Как из летописи (чтение Евангелия Владимиром), так и из житий Владимира можно догадываться, что идеалами христианского совершенства в то время были христоподобие, уподобление Христу, и апостолоподобие – уподобление апостолам, причем огромное значение придавалось (как у Златоуста и у западных славян) милостыне, нищелюбию и истинному учению.

Это были добродетели, которые особенно подчеркиваются и в летописи, и в житиях, и в былинах. Пиры, которые устраивал Великий Князь для нищих, вдов и сирот, отмечаются не только «Повестью временных лет» и монахом Иаковом, но составляют неизменный спутник былин владимирова цикла. Большинство их начинается рассказом о пиршествах Владимира. Эти рассказы напоминают торжества, происходившие при князе Вячеславе в Чехии.

По словам Титмара Мерзебургского300, Владимир выкупал пленных и кормил их. Но, занимаясь благотворительностью, Владимир не гнушался богатства: его постройки зданий и городов показывают, что он дорожил культурою.

Если в сказаниях о Владимире встречается изредка аскетическая окраска, то это – признак позднейших наслоений. В древнейших версиях Владимир – представитель духовного прогресса. Христианство, принятое им, есть книжная вера, которая просвещает землю, разгоняя мрак бесовского кумирослужения и насевая истину в прежнем царстве неведения и лжи. Владимир является и апостолом русской земли, и ее меценатом. Одновременно с принятием христианства он привлекает к книжному учению нарочитую чадь. Он строит Десятинную церковь и покровительствует белому духовенству, которое является в должности учителей. Когда, по былине, Владимир узнал, что Алеша по происхождению попович, он посадил его на почетное место.

Придворная жизнь Владимира, по былевому эпосу, была полна веселия и богатырского удальства. Неудивительно, что былины так полны светлыми воспоминаниями о Владимире Красном Солнышке, в которых совсем отсутствуют идеалы монашеского самоистязания. Этот религиозный оптимизм был прямым последствием взгляда на спасение: оно получалось чрез крещение (и покаяние) и милостыню. Крещение (и покаяние) в «Слове о законе и благодати» и в «Повести временных лет» под 1015 годом являются с чертами, близкими к адоптионизму, т.е. божественному усыновлению человека чрез крещение его.

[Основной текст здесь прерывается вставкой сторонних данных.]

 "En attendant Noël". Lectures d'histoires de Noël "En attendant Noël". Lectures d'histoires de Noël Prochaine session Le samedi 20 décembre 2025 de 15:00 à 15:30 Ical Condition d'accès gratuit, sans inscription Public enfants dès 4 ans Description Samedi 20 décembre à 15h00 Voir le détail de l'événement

Само собою понятно, что если самый акт крещения в связи с покаянием обеспечивал спасение, то принятие христианства должно было являться началом торжества, радости и веселия. И достаточно прочесть «Слово о законе и благодати» и отрывок летописи под 1015 годом, чтобы убедиться, насколько новая вера во время Владимира была далека от отчаяния. Это были самые восторженные песни начавшегося духовного возрождения.

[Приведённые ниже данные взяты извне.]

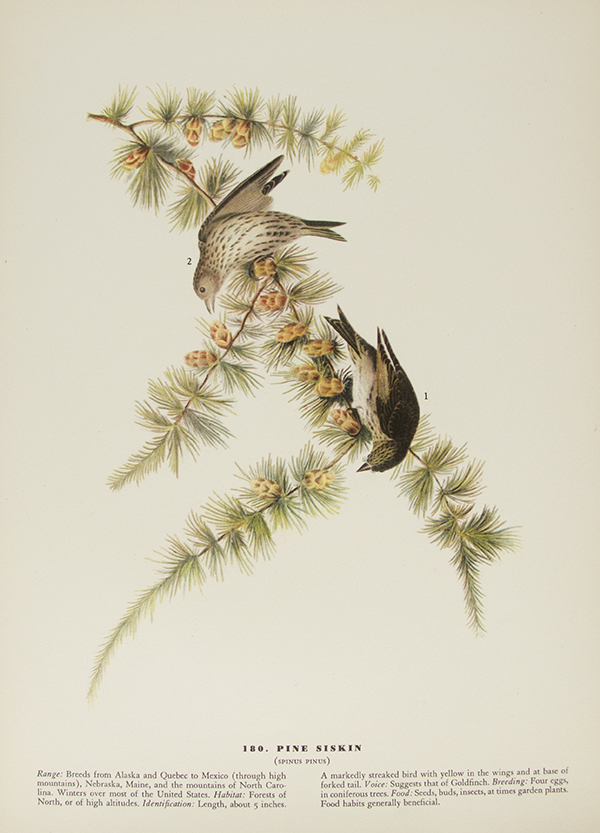 John James Audubon (April 26, 1785 – January 27, 1851) was an ornithologist, artist, naturalist, adventurer, and story teller. Born in San Domingue (now Haiti), Audubon began studying birds, nature, and art after moving to France at the age of five. His studies continued near Philadelphia, when he was sent to a family estate at eighteen. While there, Audubon is said to have conducted the first bird-banding experiment, tying strings to the legs of birds to determine whether they return to the same nesting sites each year. He spent the early 1820s drawing birds in Mississippi, Alabama, Florida, and Louisiana before taking his Birds of America portfolio containing over 400 life-size drawings to England and Scotland for printing. His work was very well received, even gaining a subscriber in King George IV. Audubon’s work was highly praised since it was more natural than previous artists’ renditions. He continued drawing new species for the rest of his life, but later volumes were mostly completed by his sons. As one of the forefathers of the modern conservation and environmentalist movements, many organizations and places bear Audubon’s name. His works are housed in such collections as the National Gallery of Art, Washington, D.C.; the Harvard Library; and the Library of Congress.

Русская земля освободилась от бесов или идолов, «мрак идольский начал отходить от нас, – говорит Иларион, – явилась заря благоверия, тьма бесовского служения погибла, и солнце евангельское осияло нашу землю, капища разрушаются, а церкви сооружаются, идолы сокрушаются, а иконы святых явились. Бесы разбежались, а крест освятил селения. Апостольская труба и евангельский гром огласили все города. Фимиам, возносимый Богу, освятил воздух.., мужи и жены, малые и великие, все люди, наполнив святые церкви, возносят славу, восклицая: “...Христос победи, Христос одоле, Христос воцарися, Христос прославися. Велий еси Господи и чудны дела Твои, Боже наш, слава Тебе”»301.

Не раз Иларион утверждает, что христиане, а в том числе и русские, спасены. Новая вера на Руси казалась началом новой жизни. И с эпохою Владимира и Ярослава, действительно, совпадают годы расцвета нашего просвещения. Всем известен тот классический апофеоз книги, какой занесен на страницы «Повести временных лет» (под 1037 годом)302. Изучение старинных переводов подтверждает известие летописи о трудах в этом направлении русских переводчиков. Наконец, следы того же расцвета настолько заметны и на остатках литературного творчества того же времени, что даже наши западники вынуждены были признать этот расцвет за исторический факт, хотя и не могли дать ему надлежащего объяснения.

Но эта загадка совсем упрощается, если только припомнить общую схему идеологии той религии, которая была принята Владимиром и отразилась на сочинениях первой половины XI века.

Однако вскоре на Руси рядом и вместе с верою, избранной Владимиром, стала укореняться более мрачная религиозная доктрина, совсем несходная с прежнею по основным ее идеалам.

Целый ряд фактов указываете, что эта перемена происходила в третьей четверти XI века, хотя, быть может, подготовлялась значительно ранее, и обязана той же келье, в которой недалеко от Киева подвизался раньше знаменитый Иларион303.

Каково было новое значение этой кельи, показывают слова епископа Симона Владимирского, который утверждал, что Киево-Печерский монастырь сделал для Руси почти то же, что сделал Христос, пославший в мир апостолов.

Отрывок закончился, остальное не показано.